What’s it do? Well. That’s where I’m struggling.
Let’s step back about a decade or so. Like in the WABAC machine with Mr. Peabody. You’ve still got all of the knowledge you have right now, but you’re going to be in 1999.
Now, imagine yourself trying to explain to someone from 1999 that one of the most useful sources of information on the Web will be a site with an open front door that practically anyone can edit at any time. Not only that, but that wide open freely editable site will become a trusted resource for information. And it will be maintained by people for free because those folks will be passionate about defending their areas of expertise on any given topic.
Might sound a little utopian. But it happened. That site is, of course, Wikipedia.
Okay, Sherman. Jump back in the machine and head back to today.
Today—just as that encyclopedic information used to be controlled by book publishers and academics—we’re a bit hogtied by location-specific information.
If you want to hook into geolocation data, you use Skyhook. No, not the company who is going to send the terminators to eradicate us. The geolocation database that provides wifi and GPS location information to mobile phones. Or you use Google Maps data.
But what if that data is wrong? What if you want to change it? Good luck with that, kiddo.
The Geode API from the W3C that allows browsers to determine their location by using the MAC address of the router or wifi access point is a quantum leap for geolocation services on the web. The location providers I know of are google and skyhook. I propose a geode-compatible web service as an alternative.
That’s Geomena, an open resource for defining and sharing access point location data.
Now, admittedly, the current working version is a little rough. And you need to jump through some hoops to get it to work.
But the concept? Brilliant.
Enter the MAC address for your router or access point and then drag the little map pin to the right location. Boom. You’re done. And the location is right.
If your router moves? Enter the MAC address and change the location again. If you’re in a location that’s not mapped? Add it. All on the fly.
Not only can you edit the information, but people can hook into the information provided by Geomena to drive location based apps. So instead of looking to a closed proprietary source for which they have to pay, they can look to an open source of information that’s free.

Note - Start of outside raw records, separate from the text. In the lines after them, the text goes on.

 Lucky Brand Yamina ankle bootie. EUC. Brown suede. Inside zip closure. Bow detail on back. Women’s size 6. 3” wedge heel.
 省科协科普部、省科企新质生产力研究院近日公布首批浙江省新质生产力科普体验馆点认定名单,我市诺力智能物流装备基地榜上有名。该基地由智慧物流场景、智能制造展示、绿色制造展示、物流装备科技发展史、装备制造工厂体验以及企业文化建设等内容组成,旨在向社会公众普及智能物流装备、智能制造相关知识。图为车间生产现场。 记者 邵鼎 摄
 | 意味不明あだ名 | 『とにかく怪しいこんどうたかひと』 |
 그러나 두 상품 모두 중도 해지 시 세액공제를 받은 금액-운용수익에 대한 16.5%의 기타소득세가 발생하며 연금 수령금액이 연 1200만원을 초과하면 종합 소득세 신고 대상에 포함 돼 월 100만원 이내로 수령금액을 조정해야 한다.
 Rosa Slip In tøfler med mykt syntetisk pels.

So, for example, if you’re running the latest version of Firefox with location aware browsing, you can use Geomena as your location reference for Geode. So when applications like Shizzow ask you for your location, they’ll be able to read the Geomena information.

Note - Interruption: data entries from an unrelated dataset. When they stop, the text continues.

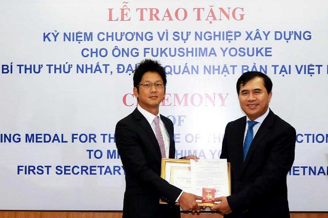 Ceremony of awarding medal “For the cause of construction industry development” title to Mr Fukushima Yosuke – First Secretary of the Japanese Embassy in Vietnam
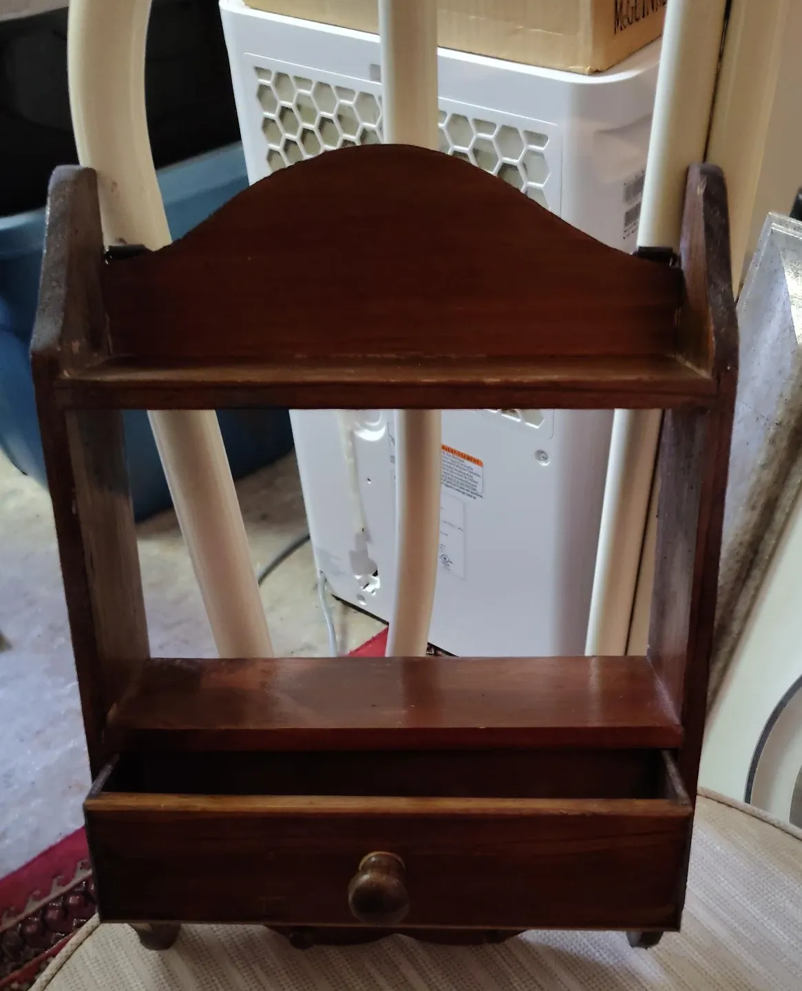 This is a charming wooden shelf with a small drawer. It's made of solid wood and features a decorative arched top. Perfect for displaying small items or for organizing your entryway! Great for adding a rustic touch to any room.
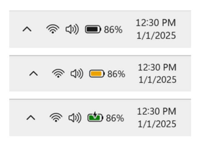 อีกหนึ่งการปรับปรุงที่ถือว่าทำได้ดีและแก้ปัญหาเดิมได้ตรงจุด คือการออกแบบไอคอนแบตเตอรี่แบบใหม่ใน Windows 11 Microsoft ปรับให้ตัวบ่งชี้สถานะแบตเตอรี่เข้าใจได้ง่ายขึ้นด้วยการใช้สีแยกตามสถานะการทำงานอย่างชัดเจน สีเขียวแสดงถึงการชาร์จไฟ สีเหลืองใช้บอกโหมดประหยัดพลังงาน สีแดงแจ้งเตือนว่าแบตเตอรี่ใกล้หมด และสีดำหมายถึงการใช้งานแบตเตอรี่ในสถานะปกติ โดยยังคงใช้สัญลักษณ์ประกอบควบคู่กับสีเหมือนเดิม เพื่อให้ผู้ใช้สามารถแยกแยะสถานะได้ในทันที

And that’s a big step. Will it be perfect? No. But it’s a great start. And just remember, Wikipedia sounded a little crazy in 1999.
How to start mucking with Geomena
You’re going to have to do a little digging to start playing with Geomena. But it’s worth it.

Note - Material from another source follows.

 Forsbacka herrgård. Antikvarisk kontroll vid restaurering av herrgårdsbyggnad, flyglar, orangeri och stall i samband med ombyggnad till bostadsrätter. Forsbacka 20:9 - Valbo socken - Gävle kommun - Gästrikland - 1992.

To edit your location information:
- Get the MAC address for your access point. You can do this by following these instructions for Mac OS X or these instructions for Windows. If you’re on a flavor of Linux, I’m assuming you’ll now how to get your config info. (You could also do this from an iPhone, but there is no copy and paste in the settings window, so it’s a bit kludgey.)
- Copy the MAC address.
- Head over to Geomena and paste that string of characters into the text box.
- Submit the query and you’ll be taken to your presumed location according to the information in Geomena.
- Not right? Drag the pin around until it is correct. Or type in the exact latitude and longitude.
- Hit save.
Voila! You’ve just updated your location information in Geomena. If you’re feeling really plucky, start driving around to different access points and making sure their locations are correct.
To use Geomena as your geolocation reference in Firefox:
- Boot up the latest version of Firefox.
- Type about:config into the location bar.
- Dismiss the scary warranty message.
- Filter on “geo” and look for the term “geo.wifi.uri.”
- Double click that entry and enter “http://geomena.org” (without the quotes) into the prompt.
- Say OK and close the config.
Congrats! You’re now running off of Geomena as your geolocation provider.
Get your geogeek on
If this sounds at all interesting to you, please take some time to muck with this and build it out. I think the concept has a lot of merit, but it will take some use to begin building up a reputable base of geolocation information.
And while it’s hard to imagine location information becoming as contentious as some Wikipedia entries, I can imagine some fervent geogeeking discussions—and some pretty awesome apps—being fueled by Geomena.